That is the useful shape. Security middleware should not merely say “bad.” It should say what it saw in a form that hooks, MCP proxies, CI jobs, and audit logs can consume. A Claude Code hook can block a shell call. An MCP proxy can reject a tool argument. A memory layer can refuse to store a leaked credential. An outbound-message filter can redact or hold a response for approval. The scanner is valuable only if the runtime can act on the signal.

The benchmark story is good because it is not too clean

The headline number is fast: the project reports average classifier latency of 0.0247 ms, macro F1 0.9833, micro F1 0.9819, micro recall 1.0000, exact match 0.9724, and 1,411 validation rows. But the more credible part is that the docs also show harder splits where performance is messier. A Promptfoo-derived red-team split reports 146 cases, 93 passed, 53 failed, 0.9178 accuracy, 0.9429 precision, 0.7674 recall, 0.8462 F1, and 14.86 ms average end-to-end duration. A harder integration split reports 5,926 cases, 0.6912 accuracy, 0.9326 precision, 0.5201 recall, and 0.6678 F1.

That honesty matters. A guardrail that claims to catch everything becomes dangerous because teams either over-trust it or quickly discover misses and disable it. Armorer Guard is better understood as a sharp pre-action sensor, not a force field. It can flag suspicious content and risky arguments.

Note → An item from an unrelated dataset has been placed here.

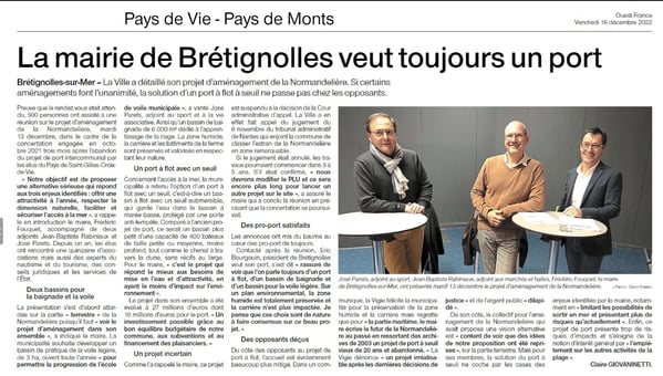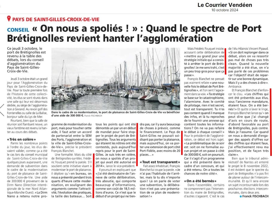 L'instigateur promoteur du projet de port à Bretignolles-sur-Mer est éliminé du pouvoir. Ce 10 juillet 2020 François BLANCHET est élu président de la Communauté de communes du Pays-de-Saint-Gilles-Croix-de-Vie et entend remettre en cause l'utilité du projet de port de plaisance.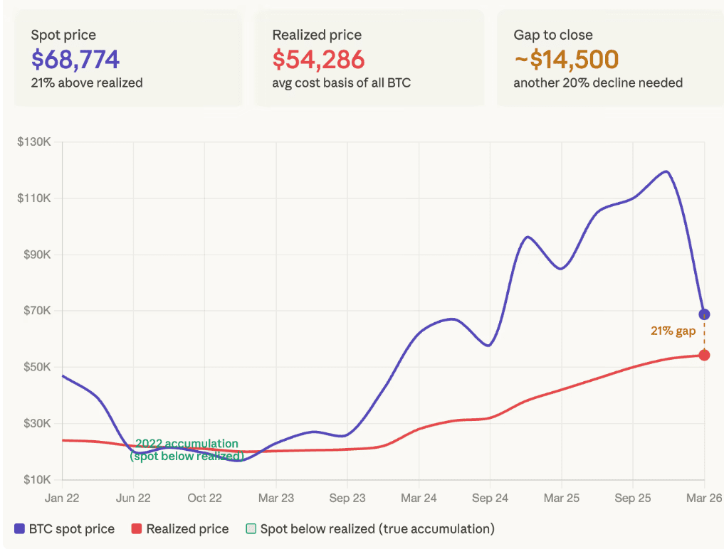 De afstand tussen de huidige Bitcoin koers en de zogenoemde realized price krimpt in een rap tempo. De realized price is de gemiddelde aankoopprijs van alle Bitcoins op het netwerk, gewogen naar hun laatste transactie. Simpel gezegd: het laat zien hoeveel de gemiddelde houder heeft betaald.

It cannot decide whether Alice is authorized to query production, whether an MCP bearer token is valid, whether a plugin supply-chain install is legitimate, or whether a database credential should exist in the first place.

The local-first design is the right default for this category. Sending every prompt, retrieved document, shell command, MCP payload, and outbound message to a hosted judge model introduces the exact leakage risk the tool is supposed to reduce. Local scanning is less magical, but it is easier to reason about, easier to budget, and easier to deploy in sensitive environments. It also keeps latency from becoming an excuse to bypass the check.

Where teams should actually put it

For Claude Code and MCP users, the practical integration pattern is straightforward. Scan retrieved web pages before adding them to context. Scan tool-call JSON before shell, file, browser, database, email, and MCP execution. Block or require approval on high-confidence credential disclosure, destructive command intent, exfiltration requests, and prompt-injection reasons. Log scan IDs and sanitized excerpts. Keep false-positive fixtures in CI so policy drift is visible before developers revolt.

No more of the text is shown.